From 2024 the Concacaf Champions League (CCL) will expand to 27 participating clubs and an additional knock out round. Qualification will be via the three sub-regions of North America, Central America and the Caribbean and predominantly through their own competitions.
Two new competitions will be created for Central America and the Caribbean, while a major change in North America will see history made with all the clubs from Liga MX’s top tier and the MLS compete in a completely re-imagined Leagues Cup.
That event will serve as an annual, month-long, tournament with both leagues suspending their seasons for one month during the summer to compete. It will kick off in 2023.
Concacaf president Victor Montagliani said: “This is not just about expanding the Champions League and putting a showcase final on a big weekend. This is about bringing a competition that our fans and broadcast partners wanted. We needed to create more relevant games, that is what the fans wanted…we will build on domestic and regional rivalries, we will crown champions in each region and they will all funnel into a knockout format. The narrative is there, the relevancy is there.”
Echoing Montagliani’s comments on the significance of the new competitions, MLS Commissioner Don Garber said: “Our confederation stands toe-to-toe with every confederation around the world…We have now added rocket fuel to drive more interest in our leagues and our confederation.”
Convincing Liga MX and MLS to embrace the Concacaf narrative is perhaps the masterstroke within the plan. The old CCL had become a procession of Mexican club winners that the MLS clubs had struggled to topple, while interest in the two years of the four-team Leagues Cup format (LigaMX vs MLS) had reached a level where the final commands a showcase event in Las Vegas (Club Leon play Seattle Sounders tonight at the 65,000+ capacity Allegiant Stadium in Vegas). Clearly the Leagues Cup was ready for a bigger and broader stage to play on and Concacaf have provided that.

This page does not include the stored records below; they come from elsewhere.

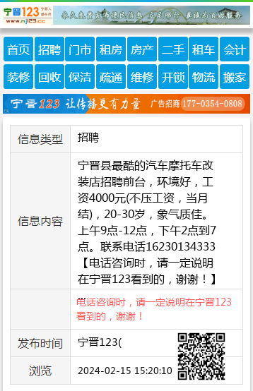宁晋县最酷的汽车摩托车改装店招聘前台,环境好,工资4000元(不压工资,当月结),20-30岁,象气质佳。上午9点-12点,下午2点到7点。联系电话16230134333 【电话咨询时,请一定说明在宁晋123看到的,谢谢!】 |
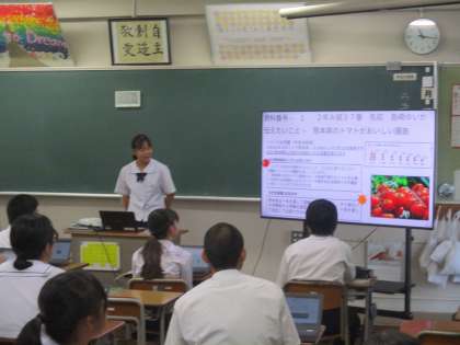 本校は「GIGAスクール構想推進モデル校」に指定されており、一人一台端末を活用した授業実践に取り組んでいます。本日は2Aで社会科の公開授業が行われ、多くの先生方に参観していただきました。
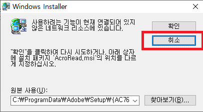 Adobe Reader를 설치를 하면 아래와 같은 에러 문구(12010)가 뜬다.
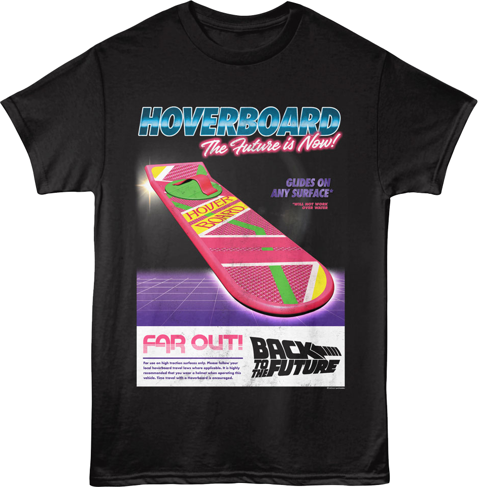 This Back To The Future t-shirt features a poster for the Hoverboard. The poster includes the slogan "The Future is Now!" and the disclaimer that the Hoverboard glides on any surface, but will not work over water.
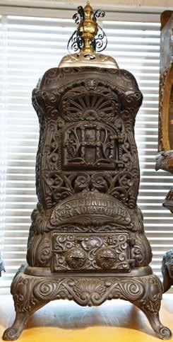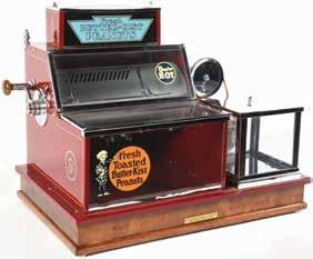 12 - 1/2” x 7 - 1/4” x 11 - 1/2”. C. 1910. Cast Iron cigar nipper with lighter advertising Rosina Vokes cigars. CONDITION: Some loss to plating and in-painted advertising. With replaced lighter dips, and blue glass globe. Need a clock key to wind. Operational. (Good) 600 - 1,500
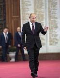 Торжественная церемония открытия всероссийской акции "Вахта памяти - 2019" в Центральном музее Великой Отечественной войны (Музее Победы) на Поклонной горе. Президент России Владимир Путин во время церемонии.
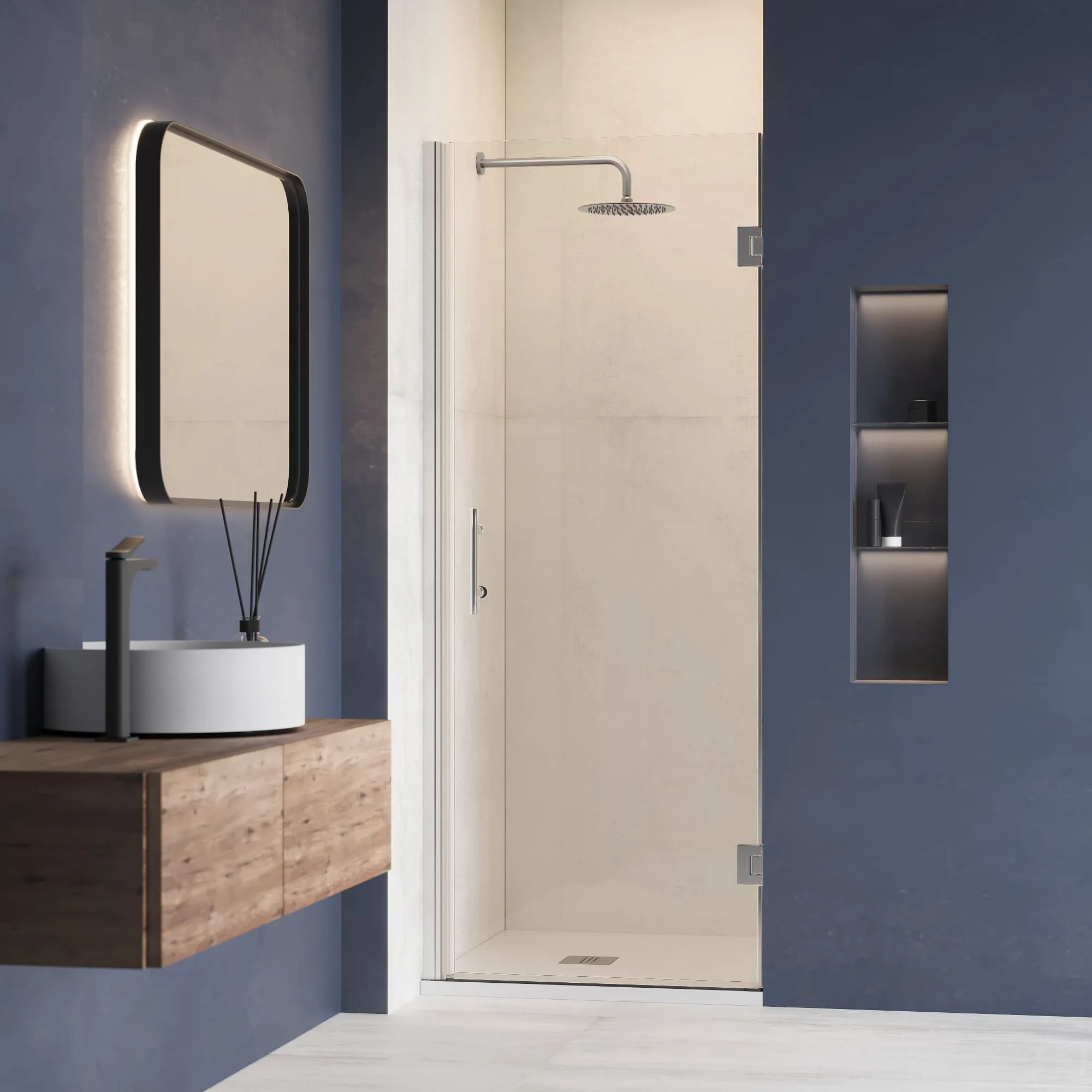 Цвет хромированного профиля идеально дополняет стекло, создавая элегантный и современный вид. Водонепроницаемые стальные петли гарантируют, что дверь не будет протекать, обеспечивая водонепроницаемое уплотнение и предотвращая утечку воды из душевой зоны.
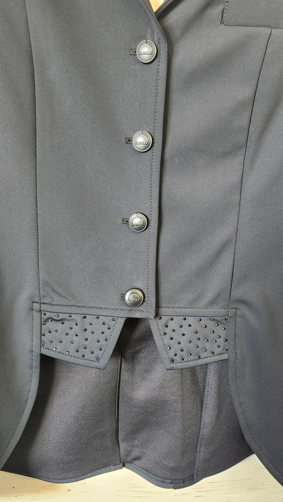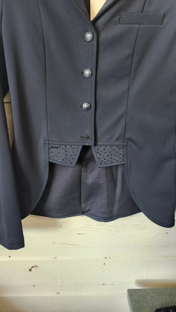 This House of Montar Short Tail Dressage coat is in great used condition. Features rhinestones on the collar, bow on the back as well as the points.
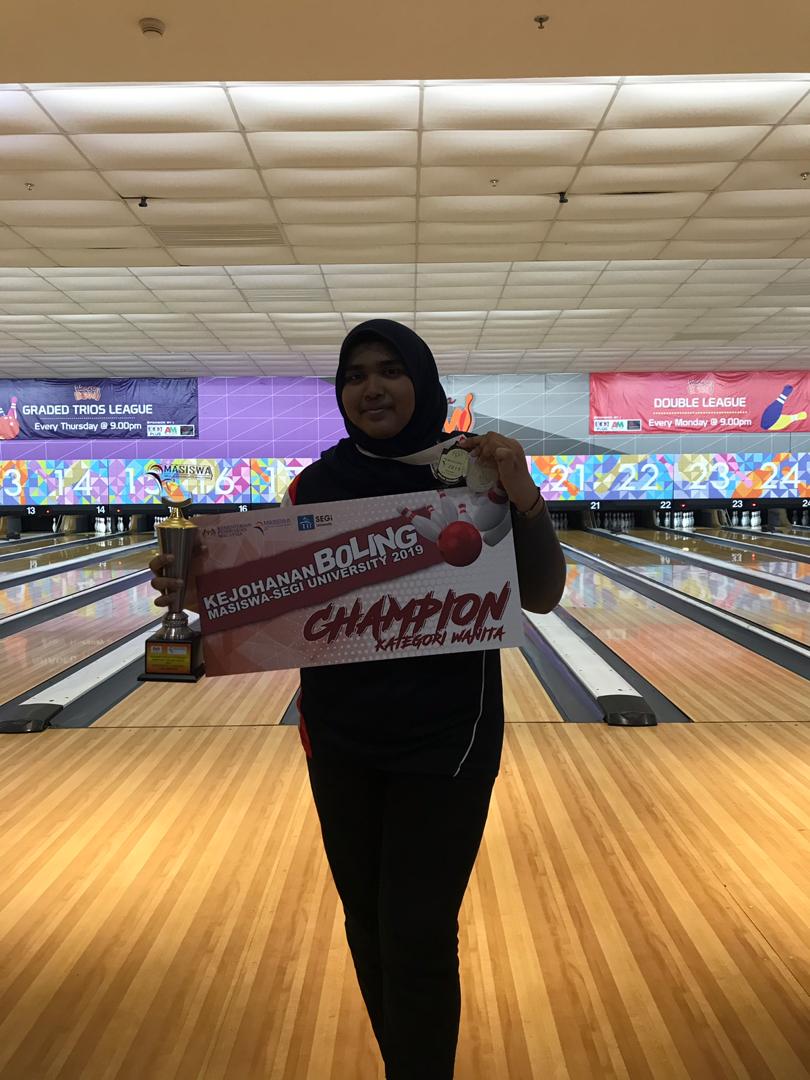 On 3 May 2019, Ms Nur Nasrin Ali, a student from Faculty of Information Science and Technology (FIST) won the Women’s Singles category in a Bowling Tournament, which was participated by students from universities and colleges in Malaysia. The tournament was hosted by SEGI with the collaboration of Majlis Sukan IPT Malaysia (MASISWA) at Wangsa Bowl IOI City Mall in Putrajaya. Ms Nasrin received RM450 and a trophy from the MASISWA officials.

The carrot at the end of the CCL is Club World Cup qualification and global recognition for teams.
“This year Tigres made the final of the Club World Cup, the first time for a Concacaf team. The Club World Cup is to be expanded in the future and we want our clubs in those leagues to be able to compete but not only to get to the final but to win that final,” said Montagliani.
Of the 27 clubs that will participate in the new CCL, 22 will begin play in Round One and 5 will receive a bye to the Round of 16. The qualification process for the clubs will be divided per region:
Round One (15 North American clubs): Five Liga MX clubs, four MLS clubs, two Canadian Premier League clubs, two Leagues Cup clubs (second and third place finishers), the US Open Cup Winner and the Canadian Championship winner.
Round of 16 (3 North American clubs): Liga MX winner, MLS Cup winner and Leagues Cup winner.
A new 20-team Central American Cup will include a Group Stage and a Knockout Stage and will qualify six clubs for the CCL with five in the first round (Central American Cup second-place finisher, two losing semifinalists and two play-in winners). The Central American Cup Champion will enter the CCL at the Round of 16.
A new 10-club Caribbean Cup that will include a Group Stage and a Knockout Stage, will qualify three clubs for the CCL. Caribbean Cup second and third place finishers will enter at Round 1, while the Caribbean Cup Champion will enter at the Round of 16.